Nodding decisively, she ducked back into the kitchen, covered her head with the scarf and put on the coat. It was now or never. She was leaving; she couldn’t look back. Somehow she’d provide a life for herself and Dominick, a life that had nothing to do with the man who tried to own her.
Their return distracted Dominick from his magnets. “Why are you dressing up like Juanita?” he asked with a scowl.
“This is the special game we’ve been practicing for,” she told him, adding Juanita’s sunglasses and dark lipstick to her disguise. She’d been terrified that Dominick might mention the “game” to Manuel. But it was a risk she’d had to take. Fortunately, they played games of pretense quite a lot, and it had never become an issue. “We’re going to see if anyone can tell who I really am.”
“Am I going to dress up, too?”
“No, you’re going to act like I’m Juanita, remember? When we step outside, you’ll hold my hand and walk to the car the same as you do whenever Juanita takes you shopping or to the library.”
“That’s not how it goes. I’m Max, from Where the Wild Things Are, and you’re a lady named Emma.”

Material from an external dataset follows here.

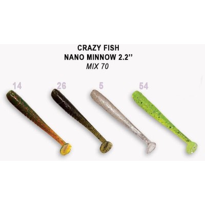 Nano Minnow от торговой марки Crazy Fish – это мягкая приманка типа виброхвост, имитирующая маленькую рыбку или малька. Приманка обладает тонким практически гладким подвижным телом, плавно переходящим в хвост с пяткой на конце. Сочетания небольшого размера приманки с ее высокочастотной игрой делает ее идеальной для охоты на окуня, однако не редки случаи, когда при помощи этого малыша удавалось поймать весьма внушительный трофей в виде судака или щуки, а так же мирной рыбы. Nano Minnow выпускается в шести различных аттрактантах, среди которых: креветка, кальмар, анис, жареный чеснок, рыба и жареная рыба, а так же в различных эффективных расцветках, позволяющих использовать ее в различных условиях.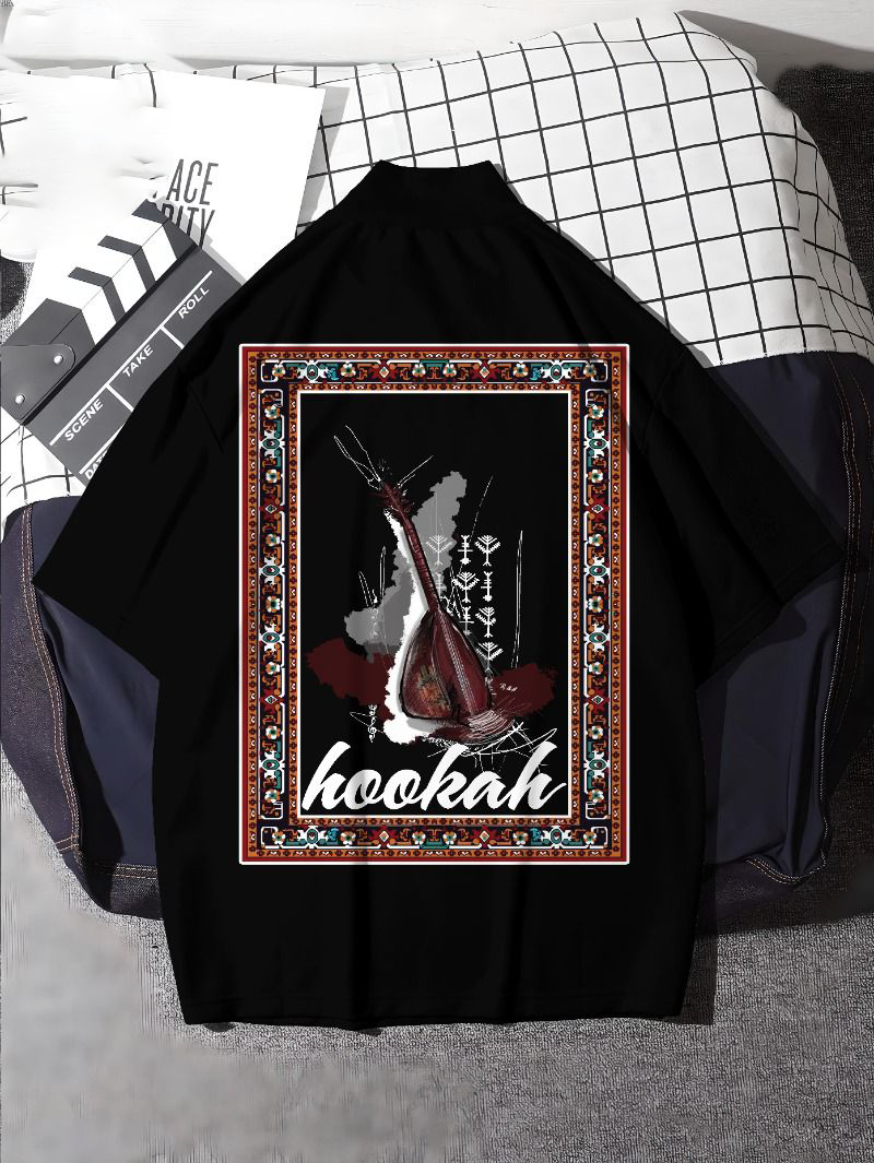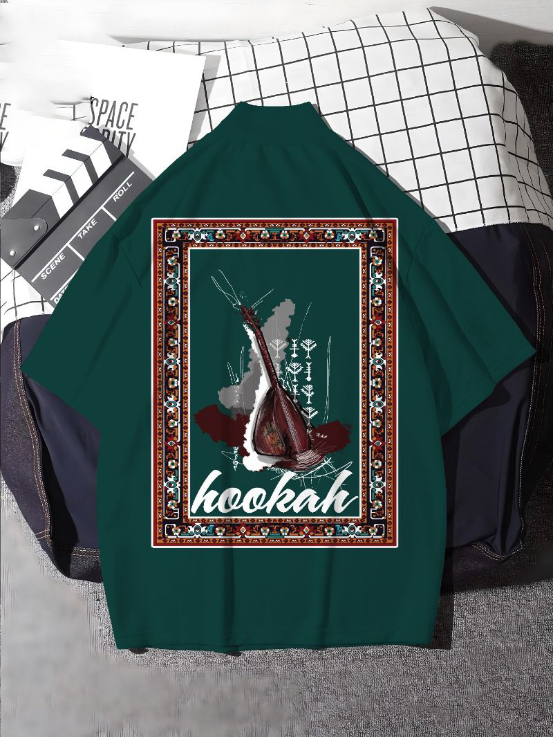 Embrace a global, relaxed aesthetic with the Dreameaura Hookah Graphic T-Shirt. This unique piece features a striking design centered around the cultural art of hookah, framed by an intricate, traditional rug-inspired border on the back. It’s a stylish conversation starter that brings cultural depth to modern streetwear.

Vanessa had chosen the name Max because it came from Dominick’s favorite book. He responded well to it. And, equally important, it was a name Manuel would never connect with him. “We’ll do that, too. Just as soon as we drive away.”
“Oh, I get it! You’re going to be Juanita first, then Emma.” He seemed excited—until he followed them into her bedroom and noticed, for the first time, the two suitcases she’d packed. He watched Juanita cover one with a big black garbage bag and take it out to the back porch.
“Why are we throwing away our suitcases?”
“We’re not,” Vanessa said, doing the same with the other one. “Carlos is going to get them for us.”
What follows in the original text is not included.